[Information provided]

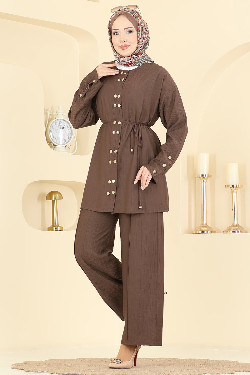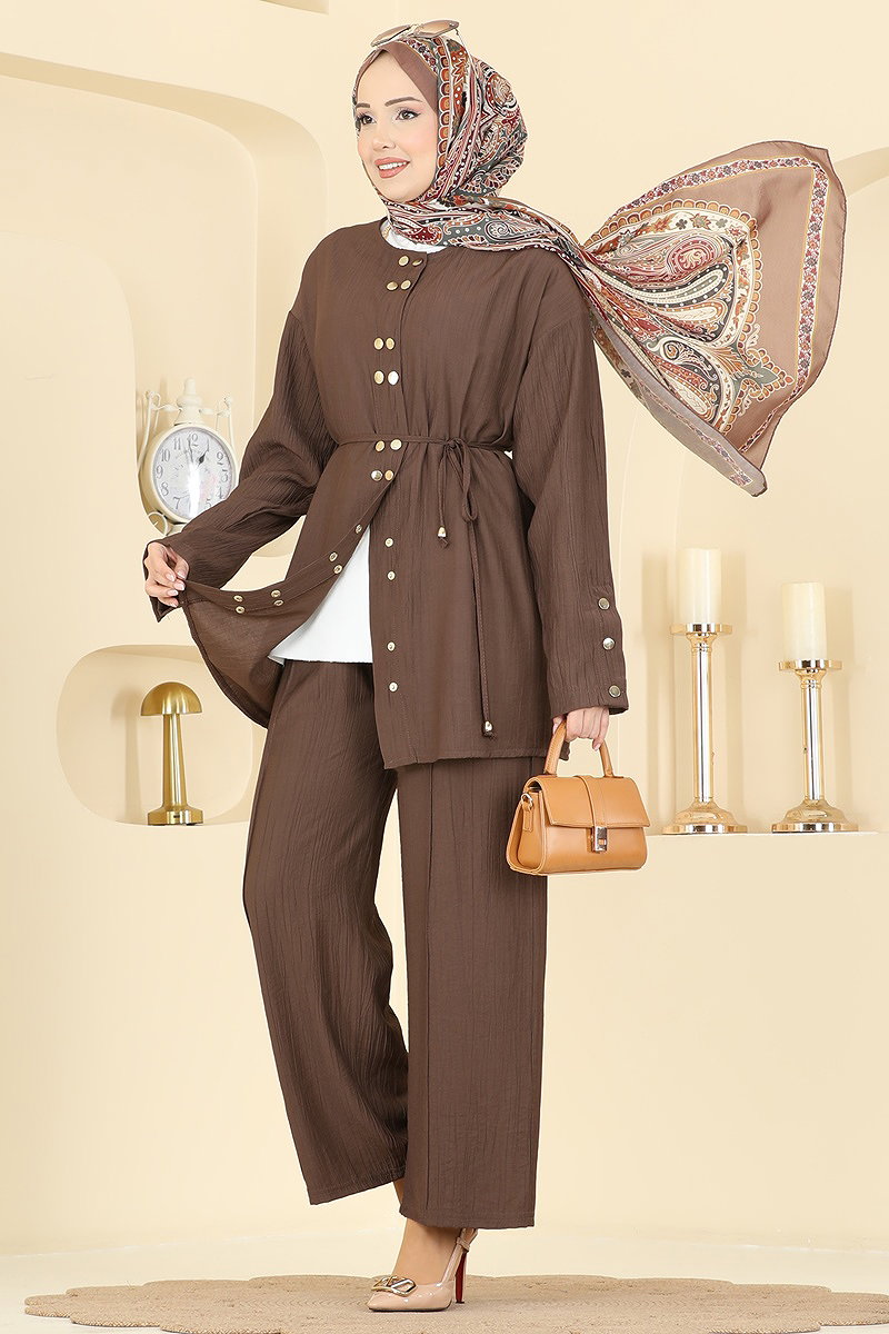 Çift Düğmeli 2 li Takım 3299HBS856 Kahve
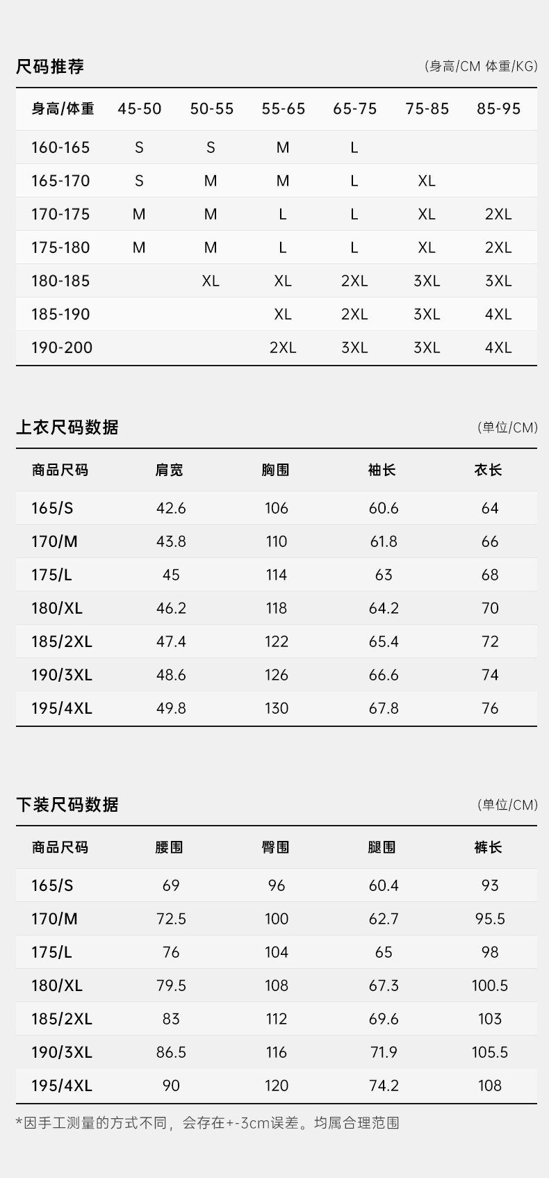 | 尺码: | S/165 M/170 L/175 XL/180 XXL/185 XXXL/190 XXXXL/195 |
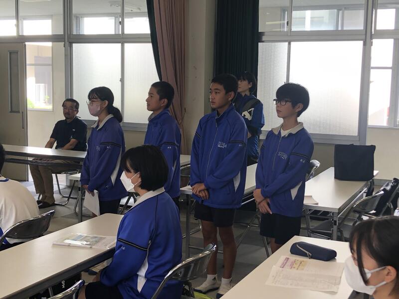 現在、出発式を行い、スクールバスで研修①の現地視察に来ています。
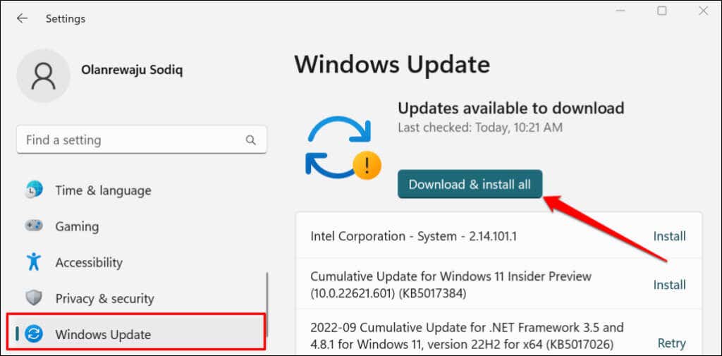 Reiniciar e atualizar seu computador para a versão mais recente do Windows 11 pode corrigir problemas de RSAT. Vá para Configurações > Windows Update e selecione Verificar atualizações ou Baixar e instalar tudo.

[/Information provided]

- _Exercise goal_: From the first line to the last, retype the data above exactly, but not its images.

- _Solution to this problem_:
 Çift Düğmeli 2 li Takım 3299HBS856 Kahve
 | 尺码: | S/165 M/170 L/175 XL/180 XXL/185 XXXL/190 XXXXL/195 |
 現在、出発式を行い、スクールバスで研修①の現地視察に来ています。
 Reiniciar e atualizar seu computador para a versão mais recente do Windows 11 pode corrigir problemas de RSAT. Vá para Configurações > Windows Update e selecione Verificar atualizações ou Baixar e instalar tudo.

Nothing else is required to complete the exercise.